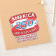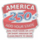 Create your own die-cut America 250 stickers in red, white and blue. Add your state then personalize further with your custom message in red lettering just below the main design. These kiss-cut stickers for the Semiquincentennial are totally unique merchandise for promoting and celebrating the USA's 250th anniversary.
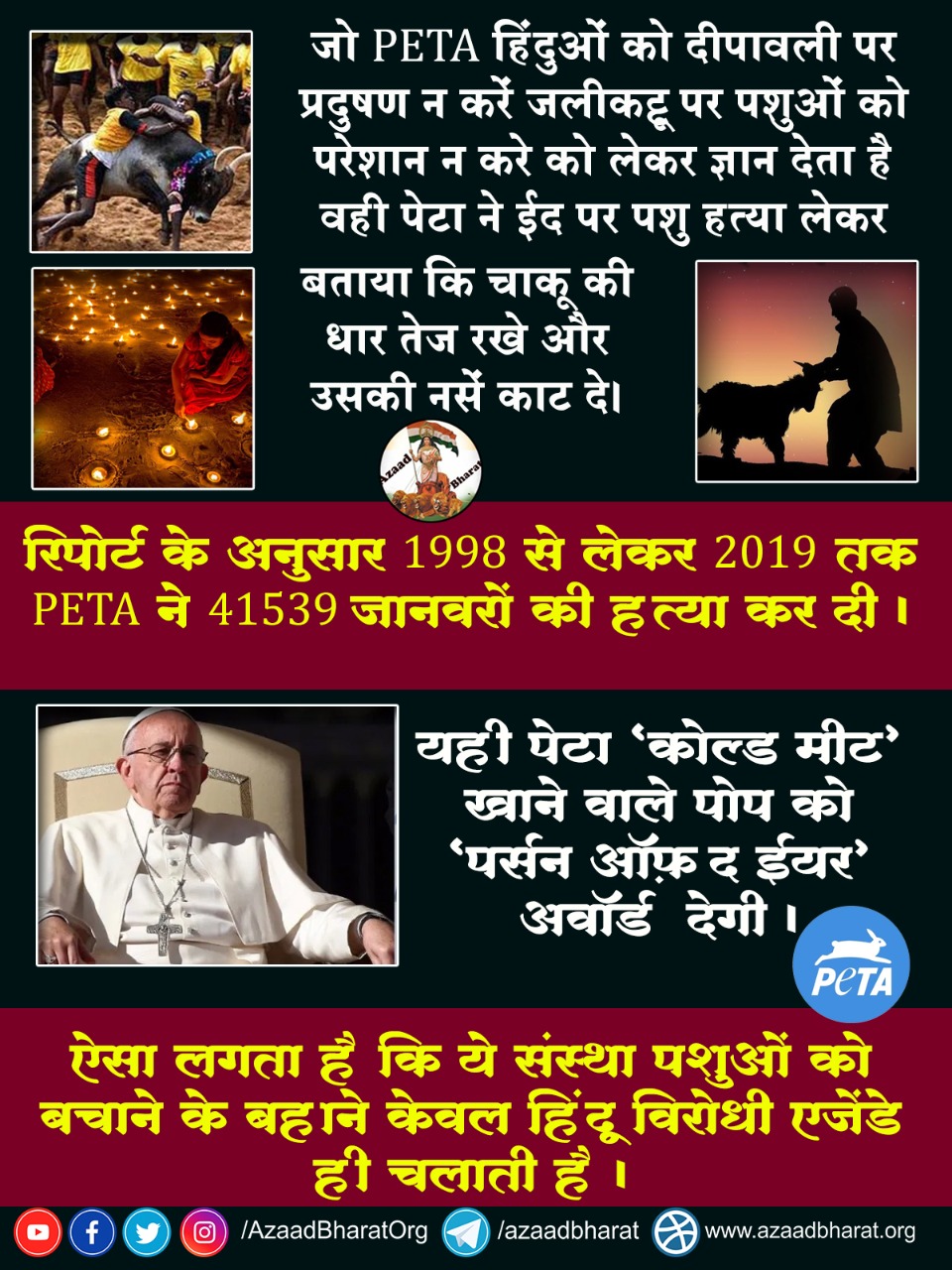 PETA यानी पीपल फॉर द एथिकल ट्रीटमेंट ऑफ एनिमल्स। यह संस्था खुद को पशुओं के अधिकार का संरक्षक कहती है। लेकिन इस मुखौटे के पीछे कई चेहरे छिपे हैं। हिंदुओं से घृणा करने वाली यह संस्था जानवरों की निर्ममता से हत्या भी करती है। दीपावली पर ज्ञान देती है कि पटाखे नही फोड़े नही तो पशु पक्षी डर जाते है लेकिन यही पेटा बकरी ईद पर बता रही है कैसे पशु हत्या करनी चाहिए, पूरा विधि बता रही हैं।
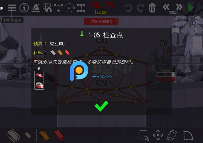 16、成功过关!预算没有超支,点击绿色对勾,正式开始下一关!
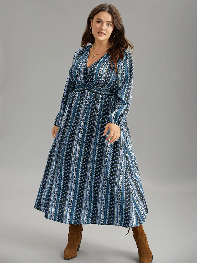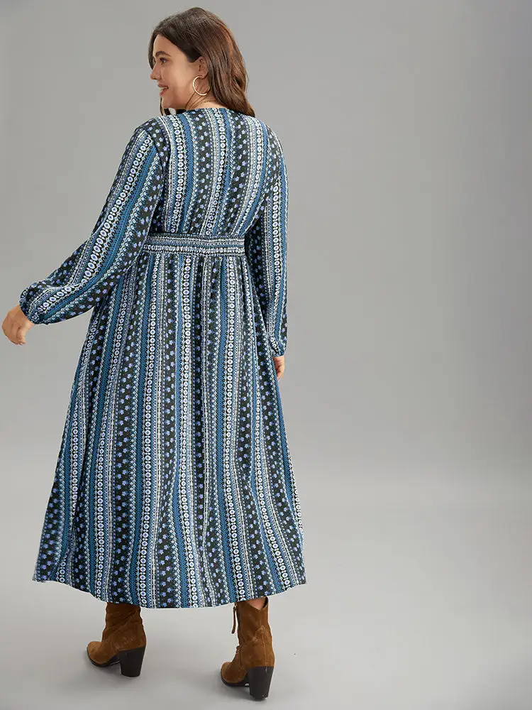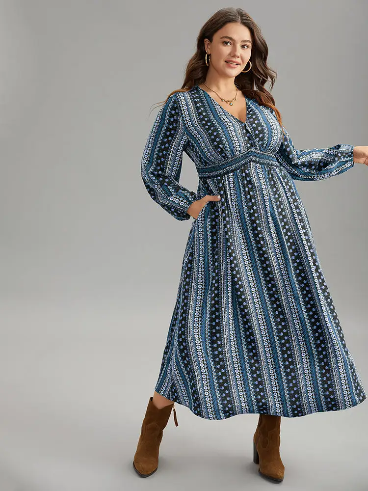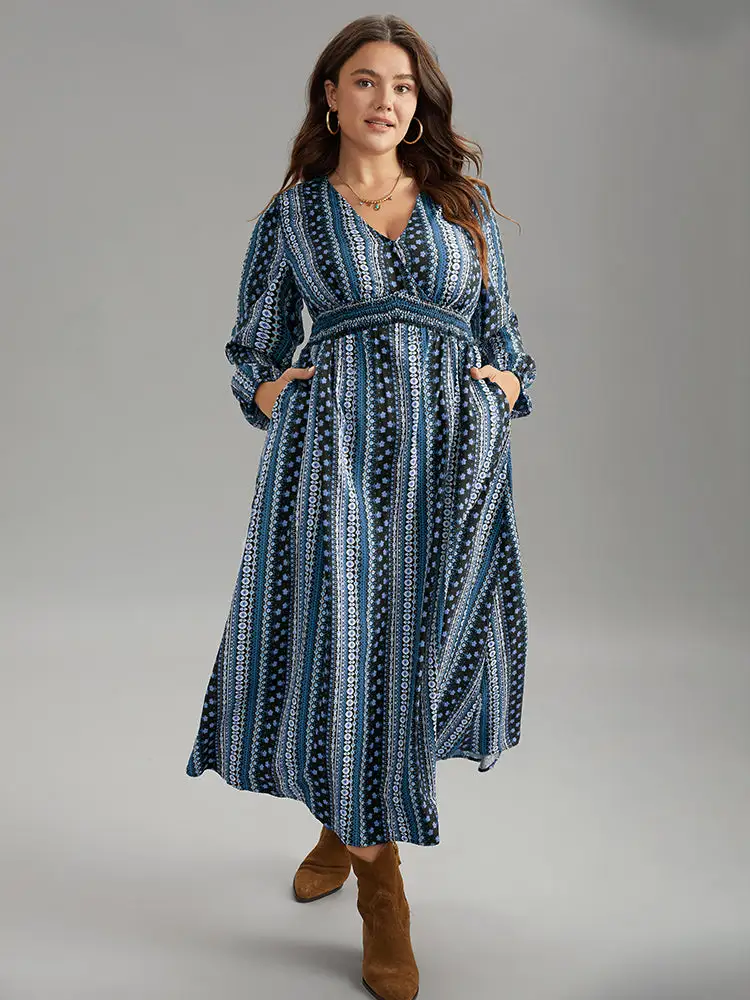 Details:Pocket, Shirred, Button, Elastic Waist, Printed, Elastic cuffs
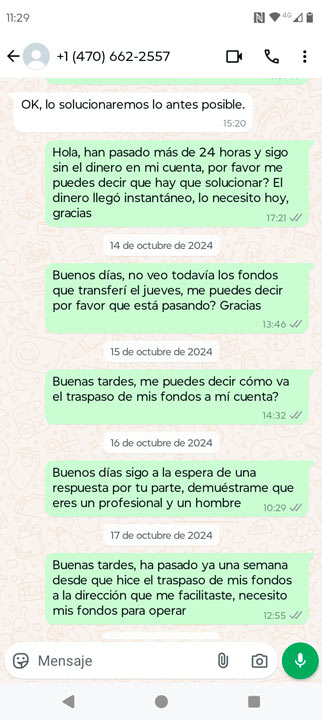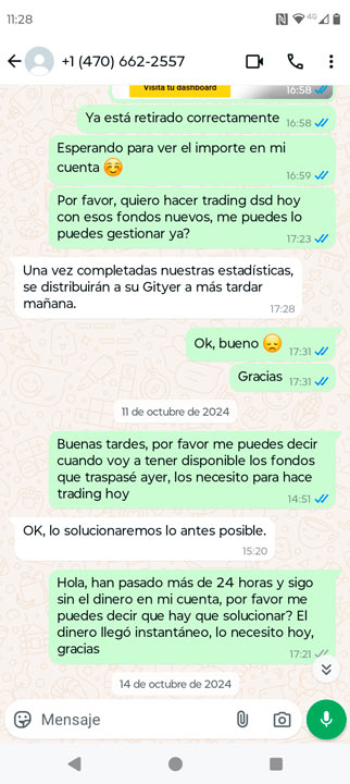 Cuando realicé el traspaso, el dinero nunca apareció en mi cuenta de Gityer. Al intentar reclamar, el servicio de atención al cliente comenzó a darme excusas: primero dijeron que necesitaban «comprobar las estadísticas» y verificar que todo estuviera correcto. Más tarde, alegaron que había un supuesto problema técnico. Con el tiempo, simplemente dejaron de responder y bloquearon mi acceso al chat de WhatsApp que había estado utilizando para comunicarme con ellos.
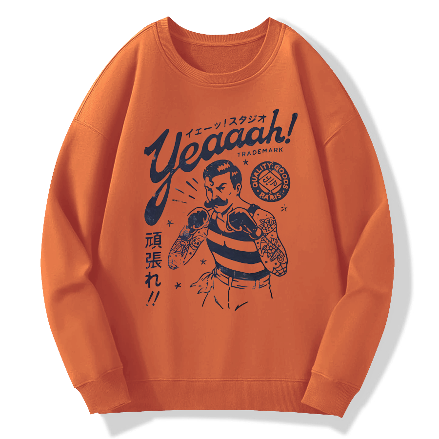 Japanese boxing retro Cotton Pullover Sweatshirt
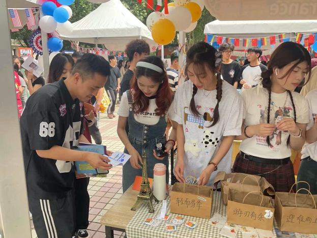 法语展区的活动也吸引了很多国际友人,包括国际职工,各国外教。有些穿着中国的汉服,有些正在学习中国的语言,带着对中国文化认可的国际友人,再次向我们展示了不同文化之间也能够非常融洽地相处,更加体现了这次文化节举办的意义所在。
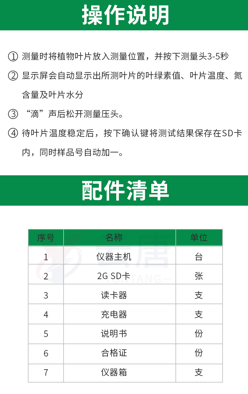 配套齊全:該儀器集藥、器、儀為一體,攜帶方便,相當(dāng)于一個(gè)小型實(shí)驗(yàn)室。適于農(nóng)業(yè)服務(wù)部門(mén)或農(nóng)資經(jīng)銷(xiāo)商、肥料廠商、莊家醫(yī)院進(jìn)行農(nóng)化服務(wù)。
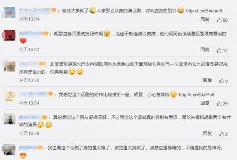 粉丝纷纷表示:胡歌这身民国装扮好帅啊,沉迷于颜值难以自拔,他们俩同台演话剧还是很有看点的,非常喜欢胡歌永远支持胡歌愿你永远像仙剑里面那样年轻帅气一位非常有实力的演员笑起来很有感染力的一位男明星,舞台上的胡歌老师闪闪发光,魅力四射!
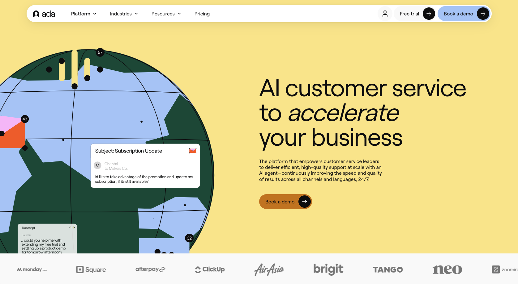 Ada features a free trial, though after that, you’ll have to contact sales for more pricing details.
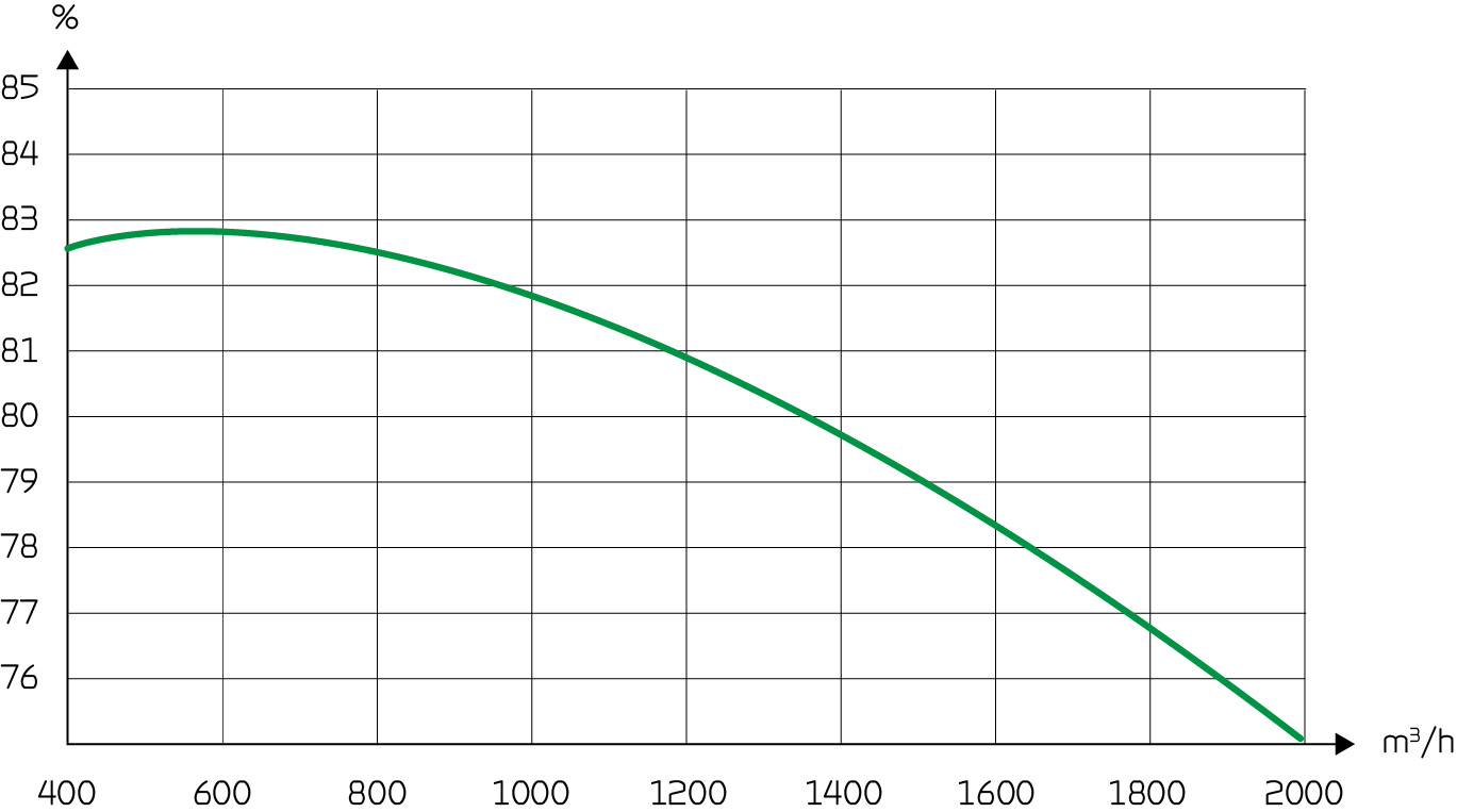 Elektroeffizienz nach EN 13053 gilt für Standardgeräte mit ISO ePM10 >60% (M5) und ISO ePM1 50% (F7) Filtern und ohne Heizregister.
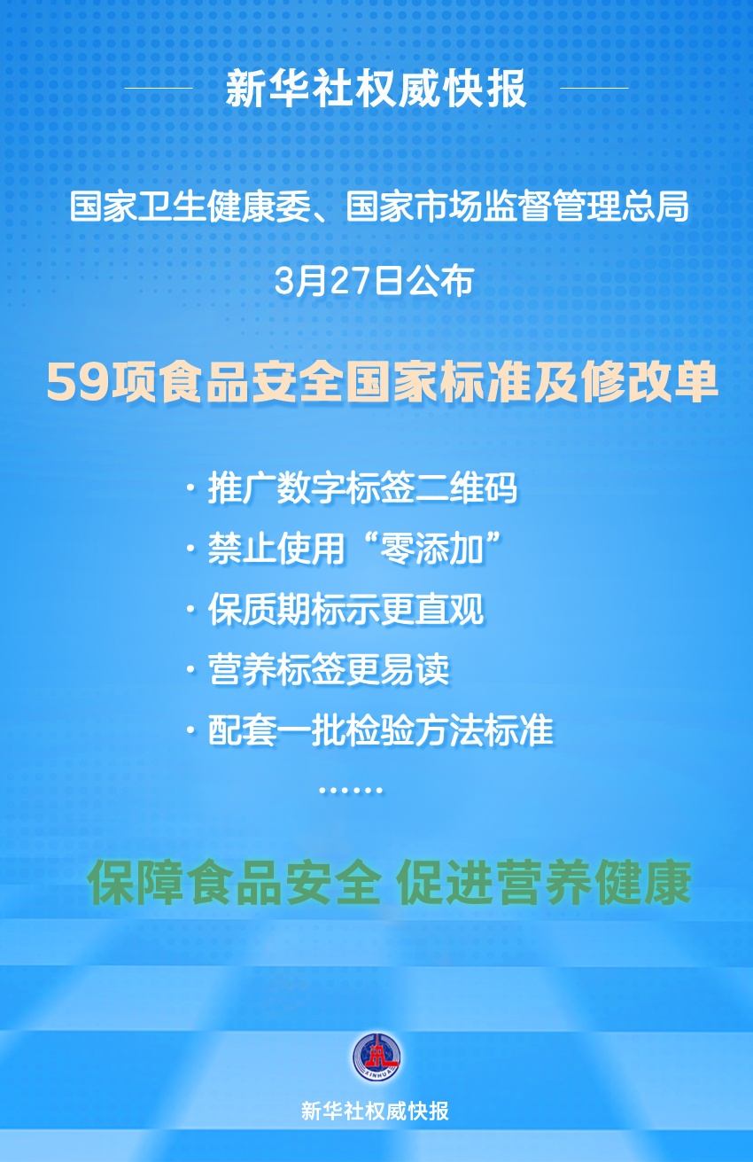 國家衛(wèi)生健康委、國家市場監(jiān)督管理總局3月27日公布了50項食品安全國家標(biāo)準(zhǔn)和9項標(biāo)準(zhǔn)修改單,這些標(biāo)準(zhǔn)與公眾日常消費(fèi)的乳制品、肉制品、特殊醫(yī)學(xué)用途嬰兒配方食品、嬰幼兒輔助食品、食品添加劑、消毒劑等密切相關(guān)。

-- -- --

• **To do**
In the entries above, find the line containing "16、成功过关!预算没有超支,点击绿色对勾,正式开始下一关!" and the line containing "Details:Pocket, Shirred, Button, Elastic"; give again exactly those two lines and every line between them, minus the pictures.

• **Exercise answer**
 16、成功过关!预算没有超支,点击绿色对勾,正式开始下一关!
 Details:Pocket, Shirred, Button, Elastic Waist, Printed, Elastic cuffs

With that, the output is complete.